:: Task brief ::
Retype, exactly as they appear below, the lines between the line holding "湖北台敬老お楽しみ会で挨拶する星野市長" and the line holding "DEWALT Men's Flex", both ends included.

:: Dataset content ::
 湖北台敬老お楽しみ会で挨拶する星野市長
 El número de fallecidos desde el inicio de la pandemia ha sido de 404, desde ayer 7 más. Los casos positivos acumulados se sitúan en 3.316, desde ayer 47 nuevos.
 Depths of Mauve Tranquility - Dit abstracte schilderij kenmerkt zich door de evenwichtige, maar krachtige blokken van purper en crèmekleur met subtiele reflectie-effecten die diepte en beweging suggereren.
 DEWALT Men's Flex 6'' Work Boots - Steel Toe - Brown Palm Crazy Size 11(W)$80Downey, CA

==

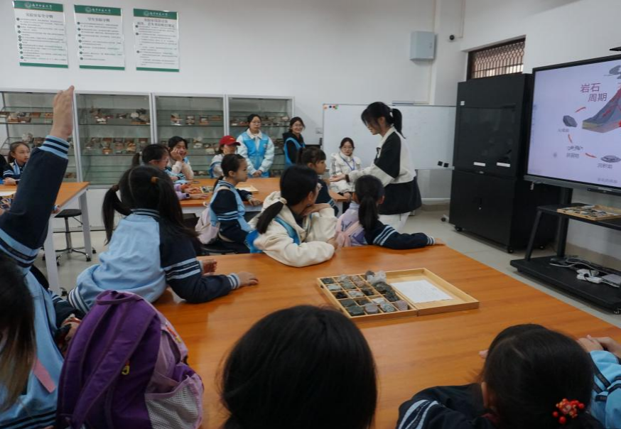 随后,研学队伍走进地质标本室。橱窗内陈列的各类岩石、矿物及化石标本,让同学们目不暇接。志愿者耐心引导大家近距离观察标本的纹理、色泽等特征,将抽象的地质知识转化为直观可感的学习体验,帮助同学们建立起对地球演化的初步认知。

:: Result of this task ::
 湖北台敬老お楽しみ会で挨拶する星野市長
 El número de fallecidos desde el inicio de la pandemia ha sido de 404, desde ayer 7 más. Los casos positivos acumulados se sitúan en 3.316, desde ayer 47 nuevos.
 Depths of Mauve Tranquility - Dit abstracte schilderij kenmerkt zich door de evenwichtige, maar krachtige blokken van purper en crèmekleur met subtiele reflectie-effecten die diepte en beweging suggereren.
 DEWALT Men's Flex 6'' Work Boots - Steel Toe - Brown Palm Crazy Size 11(W)$80Downey, CA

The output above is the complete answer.